Я не ответил и вскоре услышал, как она достала из-под кровати свой чемодан. Потом щелкнули замки, и Лина вышла, зацепившись чемоданом за косяк. Я сел на койку и закрыл голову руками. Я не слышал, как вошла бабка, а только почувствовал легкую боль от ее резких толчков сухим кулаком в бок.
— Иди и скажи, чтобы она оставалась, — гневно прошептала бабка, — а то я и тебя из дома выгоню. Иди!
Я покачал головой. Потом я слышал, как плакала Лина и что-то говорила ей бабка, успокаивая и жалея. Потом хлопнула дверь, и я понял, что Лина ушла. Еще некоторое время сидел я неподвижно, тихо покачиваясь и крепко жмуря глаза, наконец встал и вышел на улицу.
Я стоял у калитки, что вела в огород, и смотрел на то, как уходила Лина по сырой дороге, с чемоданом в руке, который я когда-то сам принес домой.

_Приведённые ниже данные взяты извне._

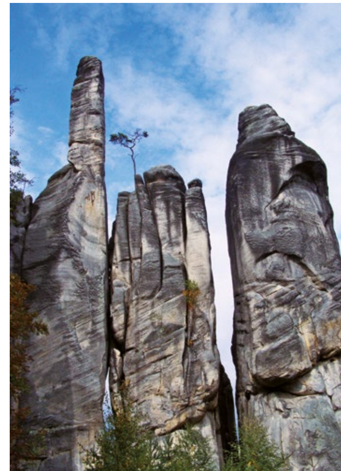
Skały Adrspasko-Teplickie (Adršpaško-teplické skály)

Samotnie stojącą górą stołową Ostaš spowija szereg legend, od których swoje nazwy otrzymały niektóre formacje skalne. Złożona jest z dwóch miast skalnych – tzw. Horní i Dolní labyrint. Północno-wschodnie zbocze góry nosi nazwę Kočičí skály. Dolni labyrint ukrywa trzydziestometrową grotę nazwaną Sluj českých bratří, gdzie według legendy prześladowani ewangelicy odbywali tajne nabożeństwa.
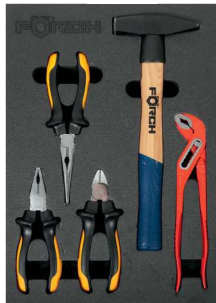
4990N 865 06
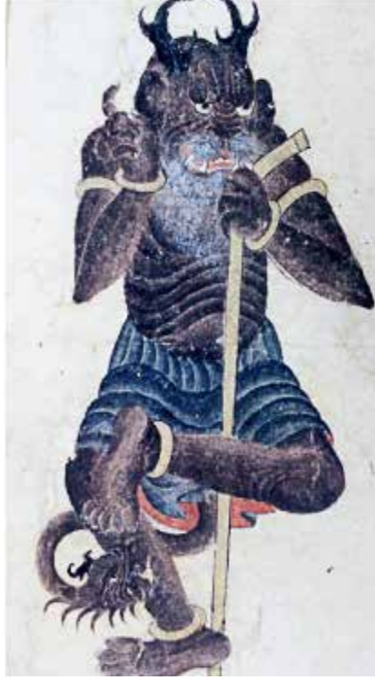
Mehmed Siyah Kalem, Demon, TSM, Hazine, 2153, 48a.*

O taş ev onun sahnesiydi adeta. Bizi pencere kenarındaki yer yataklarımıza yatırır. Bazen yalnız bazen halamın oğulları ile dinleyici olurum. Kendisi dingin ocağın yanına oturur ve sahne onun için hazır olurdu. Hiç sıkıl-
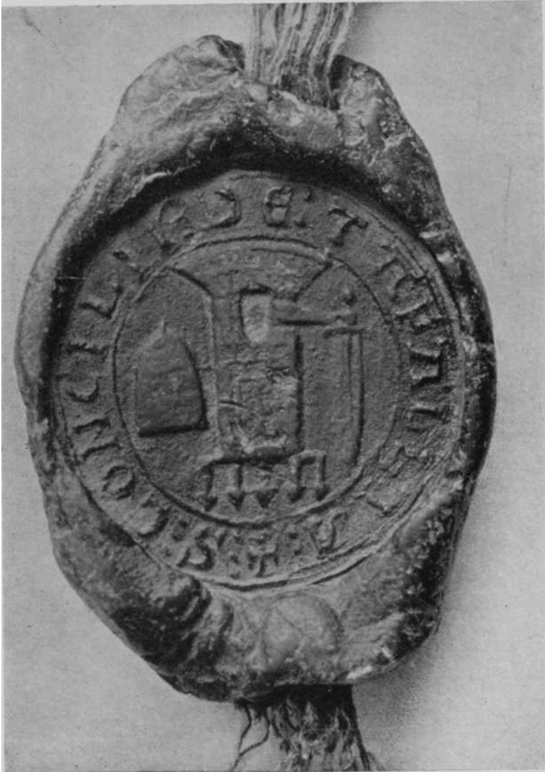
Fig. 1—Sello céreo pendiente en un documento de arbitraje entre Tafalla y Olite: 1253.
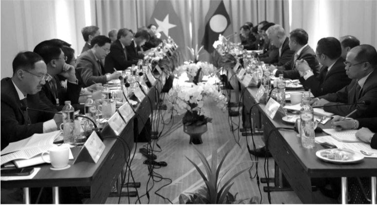
● Toàn cảnh hội đàm. (Ảnh trong bài: PV)
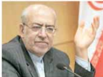
محمدرضا نعمت‌زاده وزیر صنعت، معدن و تجارت: یکی از بحث‌های مهم در حوزه معدن، تکمیل طرح‌های نیمه‌تمام معدنی است

گروه صنعت و معدن | اسمیه سایش - الهام آبابی | تشکیل کنفدراسیون معدن ایده تازه‌ای نیست. پیش‌تر نیز پیشنهاد تشکیل این کنفدراسیون در اتاق بازرگانی مطرح شده بود. این بار انگار فعالان معدنی عزم خود را جزم کرده‌اند تا به زودی با اعلام رسمیت فعالیت کنفدراسیون معدن، تصمیم‌گیری‌های این بخش را در چارچوب‌های متمرکزتری دنبال کنند. همواره انتقادات متعددی در خصوص فعالیت‌های جزیره‌ای در حوزه معدن مطرح می‌شود. در یک‌سو معاونت معدنی وزارت صنعت و در سوی دیگر سازمان توسعه و نوسازی معادن و صنایع معدنی ایران قرار دارد. در همین حال برخی تصمیمات عجولانه کمیسیون صنایع و معادن مجلس حاکی از آن است که در بین نهادهای دولتی ذی‌ربط اتحاد و اتفاق‌نظر کافی وجود ندارد؛ مقوله‌یی که بارها انتقاد اهالی معدن را در پی داشته است. در همین حال، گلابه‌هایی در میان معدنکاران وجود دارد که در تصمیم‌گیری‌های بخش معدن، نظرات بخش خصوصی اعمال نمی‌شود. از این رو می‌توان گفت ایده اصلی تشکیل کنفدراسیون معدن، ایجاد پایگاهی واحد برای اتفاق آرا در این بخش است. چراکه این کنفدراسیون می‌تواند با حضور نمایندگان از دولت، نمایندگان تشکلهای معدنی و فعالان بخش خصوصی، تربیون خوبی برای انتقال مسائل و مشکلات بخش معدن را در اختیار معدنکاران قرار دهد. در همین حال با رفع تحریم‌های بین‌المللی، فضا برای مشارکت‌های خارجی و توسعه تولیدات معدنی مساعدتر خواهد شد. در این رابطه اتاق بازرگانی می‌تواند بازاری قدرتمندی برای شناسایی بازارها، جذب سرمایه‌گذاری و مشارکت خارجی در بخش معدن و صنایع معدنی باشد. خبرها حاکی از آن است که تشکیل کنفدراسیون معدن طی دو هفته آینده به صورت رسمی اعلام خواهد شد.
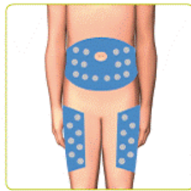
Rotation scheme for Injection sites
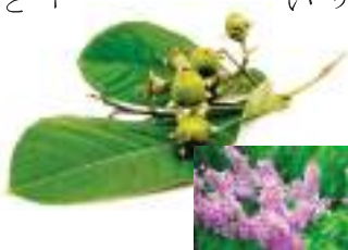
インタニン (Lagerstroemia speciosa (L.) Pers.) の実と花

菓子名の「インタニン」は樹木の名称で、和名はオオバナサルスベリ。血糖値を下げるお茶・痩せるお茶として知られているバナバ（葉をお茶にする）のことですが、それがなぜお菓子の名前になったのでしょうか。老舗菓子店に尋ねても、専門家が教える料理番組を見返しても由来は分からずじまい。そこでペツブリ通りに行ってみることにしました。インタニンは街路樹として植えることの多い樹木で、ペツブリ通りにもインタニン並木があるのです。花はほとんど咲いていませんでしたが、ほんの少し残っていた明るい紫色の花房に、緑色の玉のような蕾を発見。また、いくつかの木には丸い緑色の実（種）がっていました。名前の由来は蕾か実か、はたまた別にあるのか、出口のない悩ましい問題です。
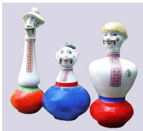
Рис. 4. Набір штофів: Панас, Кіндрат, Левко 1985, збірка художника

«Кіндрат» і «Левко» (1985; у виробництві йшли малим тиражем – рис. 4), миску «Ватра», кухоль «Крокус», чайно-кавовий сервіз «Арабіка», декоративні вази «Орфей» і «Глорія», тощо [1, с. 55]. Розроблені художником на БФЗ вироби з 1983 по 1986 роки експонувалися на п'яти республіканських виставках 6 і одній міжнародній. Фігурні штофи «Панас», «Кіндрат» і «Левко» були представлені в експозиції розділу УРСР на Виставці Радянського союзу в Аргентині у 1986 році.
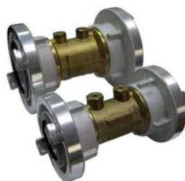
Rückflussverhinderer C + B Messing, Aluminium-Legierung

Artikel-Nr.: C- 307530 Artikel-Nr.: B- 307521

Я смотрел ей вслед до тех пор, пока она не скрылась за первым березовым колком, и потом еще долго, уже ничего не видя перед собой, потому что я смотрел сквозь слезы.
Мы долго молчали. Володя курил и смотрел куда-то мимо костра, в ту сторону, где уже призрачно намечался рассвет и обмякли, затуманились звезды, предчувствуя утро и солнце, как предчувствуют рассвет цветы, распахивая встречь мокрые лепестки. Часто и сильно постучал по сухой листвянке дятел, словно и он торопился в рассвет, торопился к жизни и свету, который всему живому дает право на счастливую и добрую жизнь.
Я вздохнул и пошевелился. Володя, медленно повернув голову, отсутствующе и тяжело посмотрел на меня. Потом он тщательно загасил огонек папиросы и бросил окурок в костер.
— Прошел месяц, — глухо начал он, — и я ее ни разу не видел. Даже случай отвернулся от меня. Впрочем, сам я и шагу не сделал навстречу этому случаю. Я замкнулся в себе и медленно, мучительно как-то перегорал из юноши в мужчину.
Несколько раз пытался со мною поговорить Петька, но это привело только к тому, что я стал избегать с ним встреч, а если все-таки он заставал меня дома, то я отчужденно молчал, и уже вскоре моя отчужденность начала переходить во враждебность. Очевидно, Петька почувствовал это, потому что вскоре отступился, и какой-то холодок в наших отношениях стал постоянным. Так вместе с Линой я потерял и друга. Все-таки, мне кажется, несчастье, если это только настоящее несчастье, человек преодолевает один. Такова уж суть и природа человеческой беды, горя человеческого — преодоление его в одиночку. Правда, это далеко не каждому по силам, но тут уже совсем другой разговор…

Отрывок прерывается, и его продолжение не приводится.